Combined biosynthesis and site-specific incorporation of phenylalanine derivatives from aryl aldehydes or carboxylic acids in engineered bacteria.

Applications of genetic code expansion in live cells are widespread and continually emerging, yet they have been limited by their reliance on the supplementation of non-standard amino acids (nsAAs) to cell culturing media.
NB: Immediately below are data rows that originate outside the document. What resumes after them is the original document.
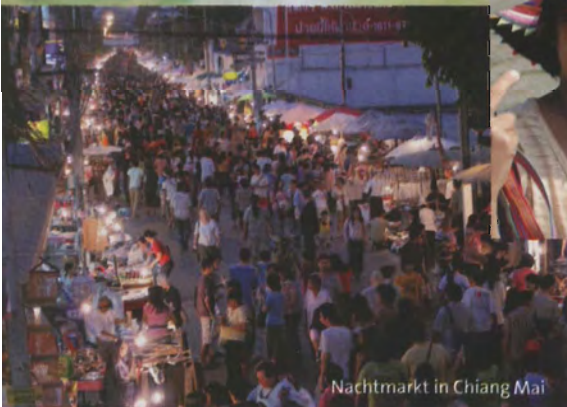
Nachtmarkt in Chiang Mai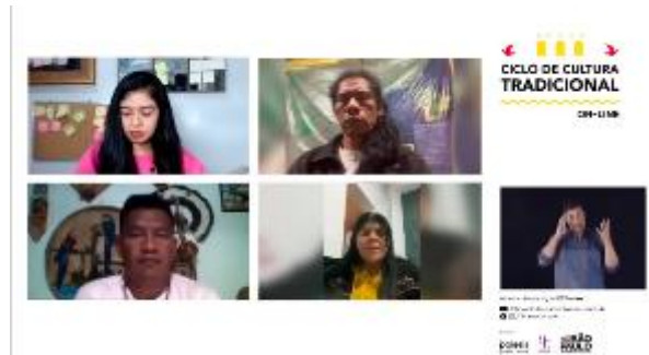
Exibição do filme "Nhemboe Porã: Belo saber" seguida de bate-papo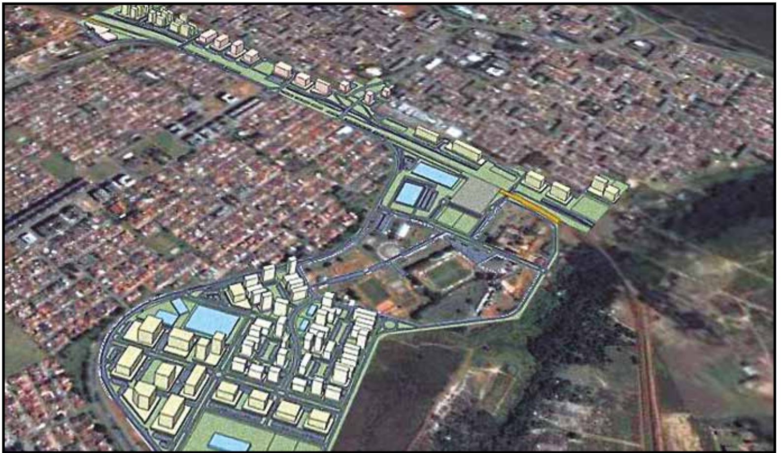
O adensamento do percurso da Interbairros prevê o surgimento do Centro Metropolitano do Guará, um conjunto de edifícios residenciais, comerciais e de prestação de serviços entre o Guará I e o Guará II e também de todo o Cave

A consequente geração de emprego e renda nas regiões administrativas pela

While advances in cell-free biocatalysis are improving nsAA synthesis cost and sustainability, such processes remain reliant on multi-step processes of product isolation followed by supplementation to engineered cells. Here, we report the design of a modular and genetically encoded system that combines the steps of biosynthesis of diverse phenylalanine derivatives, which are the most frequently used family of nsAAs for genetic code expansion, and their site-specific incorporation within target proteins using a single engineered bacterial host. Unlike previous demonstrations in which individual nsAAs were targeted for biosynthesis and site-specific incorporation, our system serves as a platform that exhibits broad substrate specificity towards commercially ubiquitous, achiral building blocks of aryl aldehydes or carboxylic acids. We demonstrate that this modular system enables high fidelity biosynthesis and incorporation of nsAAs for multiple industrially relevant nsAAs, such as the incorporation of 4,4-L-biphenylalanine within proteins after supplementation with biphenylaldehyde and the incorporation of 4-azido-L-phenylalanine within proteins after supplementation with 4-azido-benzoic acid. Finally, we show that the combination of nsAA biosynthesis and incorporation steps can extend the chemical reach of the intrinsic biological containment strategy of synthetic auxotrophy from nsAAs to low-cost and achiral building blocks. We anticipate that our system will aid industrial-scale manufacturing of proteins that contain nsAAs and democratize access to expensive or commercially unavailable chemistries for labs that lack separations or synthesis expertise.